AVAILABLE DATA: Begin

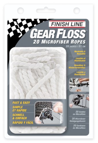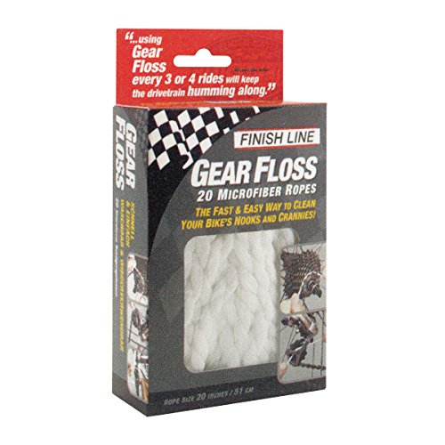 ReleaseDate : 2011-05-01 Studio : Finish Line Publisher : Finish Line Binding : Sports Product Description Finish Line Gear Floss is the ultimate detailing tool! Perfect for cleaning your rear cassette, front chain rings, derailleur pulley wheels, hubs and spindles, brake arms, bottom bracket / crank interface, and more. Gear Floss is made of Microfiber. Microfibers work by attracting, removing and holding grime. Other materials simply move it around. Microfiber does this by capturing dirt, grease and particles inside its star-shaped grooves. Dirt is held deep inside the core of the fiber. Microfibers remove grime better than any other material known to man! Microfiber rope is highly tear-resistant and it is washable. Easy to Use! ? Position floss between gears ? Slide back and forth ? Slide into other hard-to-clean areas like derailleur pulley wheels, hubs and spindles, brake arms, bottom brackets /crank interface, etc. Each Package Contains 20 Ropes Each Rope = 20” / 510mm Length 0
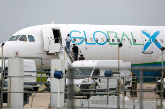 20일 미국 인디애나주 게리시카고 공항에서 미국 이민세관단속국(ICE)에 구금된 이민자들이 비행기에 오르고 있다. 로이터 연합뉴스 |
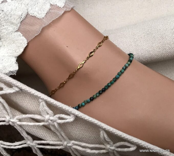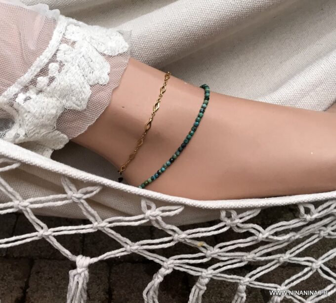 Vous souhaitez modifier ou ajouter une pièce? modifier la couleur ou la matière ? Cette chaine de cheville dorée est faite sur mesure et comme la majorité des bijoux Ninanina, est personnalisable. En plus de choisir la matière de la chaine en acier doré ou argenté si vous préférez les bijoux argentés, vous pouvez demander à modifier d’autres caractéristiques de ce bijou. La longueur proposée est de 25 cm mais il est possible d’opter pour une toute autre longueur si vous avez des chevilles plus fines ou plus fortes que la norme. Il vous suffit de laisser un commentaire et nous élaborerons ensemble votre nouveau bijou personnalisé.

AVAILABLE DATA: End

* **PROBLEM DESCRIPTION**: Output the data exactly. Pictures don't belong in the result.

* **WRITTEN SOLUTION**:
 ReleaseDate : 2011-05-01 Studio : Finish Line Publisher : Finish Line Binding : Sports Product Description Finish Line Gear Floss is the ultimate detailing tool! Perfect for cleaning your rear cassette, front chain rings, derailleur pulley wheels, hubs and spindles, brake arms, bottom bracket / crank interface, and more. Gear Floss is made of Microfiber. Microfibers work by attracting, removing and holding grime. Other materials simply move it around. Microfiber does this by capturing dirt, grease and particles inside its star-shaped grooves. Dirt is held deep inside the core of the fiber. Microfibers remove grime better than any other material known to man! Microfiber rope is highly tear-resistant and it is washable. Easy to Use! ? Position floss between gears ? Slide back and forth ? Slide into other hard-to-clean areas like derailleur pulley wheels, hubs and spindles, brake arms, bottom brackets /crank interface, etc. Each Package Contains 20 Ropes Each Rope = 20” / 510mm Length 0
 20일 미국 인디애나주 게리시카고 공항에서 미국 이민세관단속국(ICE)에 구금된 이민자들이 비행기에 오르고 있다. 로이터 연합뉴스 |
 Vous souhaitez modifier ou ajouter une pièce? modifier la couleur ou la matière ? Cette chaine de cheville dorée est faite sur mesure et comme la majorité des bijoux Ninanina, est personnalisable. En plus de choisir la matière de la chaine en acier doré ou argenté si vous préférez les bijoux argentés, vous pouvez demander à modifier d’autres caractéristiques de ce bijou. La longueur proposée est de 25 cm mais il est possible d’opter pour une toute autre longueur si vous avez des chevilles plus fines ou plus fortes que la norme. Il vous suffit de laisser un commentaire et nous élaborerons ensemble votre nouveau bijou personnalisé.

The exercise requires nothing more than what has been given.